Monsanto to Cut 2600 Jobs in Restructuring
Monsanto Co, one of the world’s largest seed and agrichemical companies, said on Wednesday that quarterly sales of its key products fell, leading to a bigger loss than the market expected and reflecting a tough commodity market that it expects to pinch results well into 2016. The company is developing further plans to reduce its operating spending by an additional $100 million, which would bring the total annual expected savings to potentially $400 million.
Nevertheless, Monsanto said it was keeping its earnings-per-share guidance for the new fiscal year beginning Sept.1, at $5.10 – $5.60.
The restructuring plan will involve closing Monsanto’s Brazilian sugar-cane unit, CanaVialis, which contributed to about $493 million in restructuring charges for the quarter, according to Monsanto’s chief financial officer, Pierre Courduroux. The cost of the reorganization – which will streamline sales, research and other departments – is estimated at $850 million to $900 million. That is well below many analysts’ expectations for more than $6.00. Last year, it lost $156 during the same quarter.
Monsanto reported fiscal year 2015 profit fell 15.5 percent from a year earlier to 2.31 billion, in part due to the fall in commodity prices and legal and restructuring charges.
Shares of the company declined 1 per cent in early trading.
This was an apparent reference to St.

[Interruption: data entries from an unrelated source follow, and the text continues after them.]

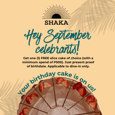 Celebrate your birthday by dining in at Shaka Cafe and get a FREE slice of cake of your choice! Just present proof of your birthdate and spend a minimum of P500! September celebrants, now is your time! Everyone else, don’t fret—this offer is valid until December 31, 2024!
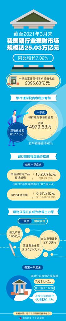图表:截至2021年3月末我国银行业理财市场规模达25.03万亿元新华社发 王威 制图
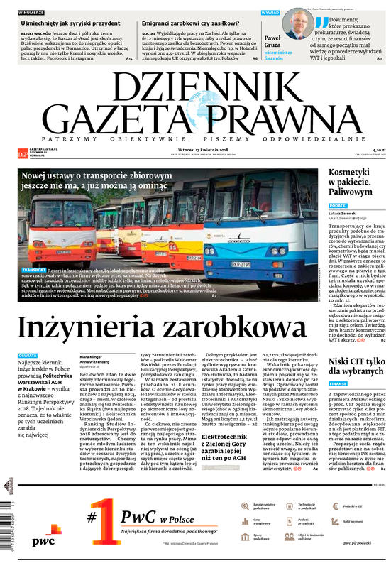 Gazetę wzbogacają praktyczne dodatki dla specjalistów, niedostępne w kioskach: Księgowość i Podatki, Rachunkowość i Audyt, Firma i Prawo, Samorząd i Administracja, Prawnik, Kadry i Płace, Ubezpieczenia i Świadczenia. NOWOŚĆ 2021 r. dodatki Biuro Rachunkowe i Księgowość Budżetowa (dostępne raz w miesiącu). Dodatkowo publikujemy wyjątkowo cenione przez Czytelników specjalne dodatki dotyczące najważniejszych zmian, nowych rozwiązań, na gorąco odpowiadamy na pytania. Piszemy o pracy zdalnej, o tarczach antykryzysowych, o nowych przepisach do walki z epidemią, o sposobach walki z zatorami płatniczymi i nowych obowiązkach pracodawców. Zapewniamy bezpieczeństwo w stosowaniu zmieniającego się prawa.
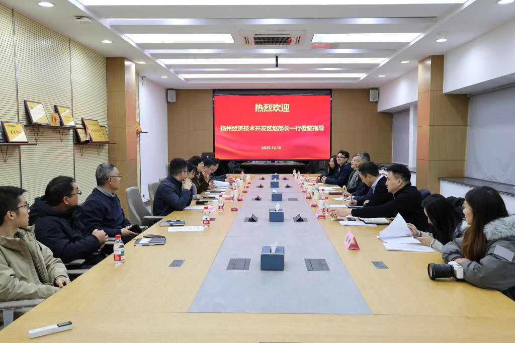 12月10日下午,扬州经开区党工委委员、组织部部长赵苏扬,科技镇长团团长傅怀梁率区相关部门负责人及企业代表到访交流。纺织科学与工程学院班子成员、相关团队负责人、科技镇长团挂职教师翟胜利等一起参会。学院党委书记张菁燕首先对赵苏扬一行的到来表示热烈欢迎。她指出,本次交流是校地双方深化合作、共谋发展的重要契机,期待通过此次活动进一步推动人才共育、技术共享与产业共创。
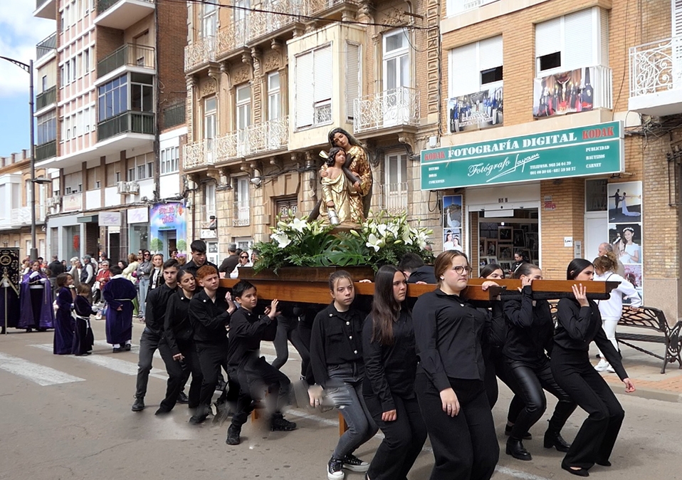 Esta procesión porta cinco imágenes hechas exclusivamente, realizadas por el escultor imaginero unionense Galo Conesa. El recorrido sale del Colegio de Ntra. Sra. del Carmen y continúa hasta el Templo de Ntra. Sra. del Rosario, llenando la calle Mayor de alegría, juventud, emoción y sentimiento religioso.
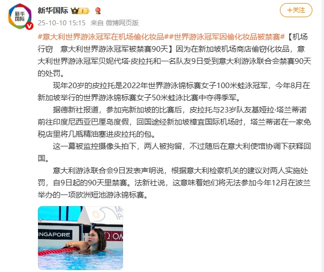 因为在新加坡机场商店偷窃化妆品,意大利世界游泳冠军贝妮代塔·皮拉托和一名队友9日受到意大利游泳联合会禁赛90天的处罚。
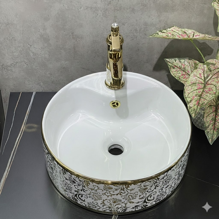 Lavabo Tròn Họa Tiết Lá Viền Vàng LUSENTER (LB23)
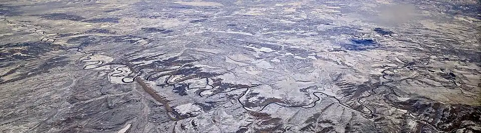 The Yampa drains 7,660 square miles (19,800 km2) of mostly semi-arid plateau country in northwestern Colorado and a small portion of southern Wyoming. The bulk of the watershed is located between the Park Range, to the east; the Flat Tops, to the south; and the Uinta Mountains, to the west. The Great Divide Basin, an area of closed drainage, borders the Yampa River basin to the north. The Continental Divide runs along the north and east sides of the Yampa basin, separating it from the headwaters of the North Platte River, which flows into the Mississippi River system. On the south, the Yampa River basin is bordered by that of the White River, which like the Yampa flows in a westerly direction to join the Green.
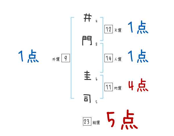 井門圭司さんの画数の鑑定結果

Louis-based Monsanto’s plan to eliminate 2,600 jobs over the next 18 to 24 months, from a worldwide workforce of about 22,000.
Grant says Monday will remain focused on achieving growth targets for its core seeds and traits business, stay disciplined with its herbicide business, and still meet its target of more than doubling FY 2014 EPS, excluding special items, by 2019. The company is also planning a $3 billion accelerated share buyback program. Syngenta said Monsanto’s $46 billion offer was below the potential value of the company, plus it had concerns about antitrust violations.
“There has been a lot of conversation about Monsanto is pivoting, or you’re changing,” Grant said. The move came after Monsanto abandoned its efforts to acquire Swiss pesticide producer Syngenta.
Low corn prices are putting pressure on the company’s best-selling product, genetically-modified corn seeds. That contributed to a $US100 million drop in fourth quarter profits in its Agriculture Productivity division.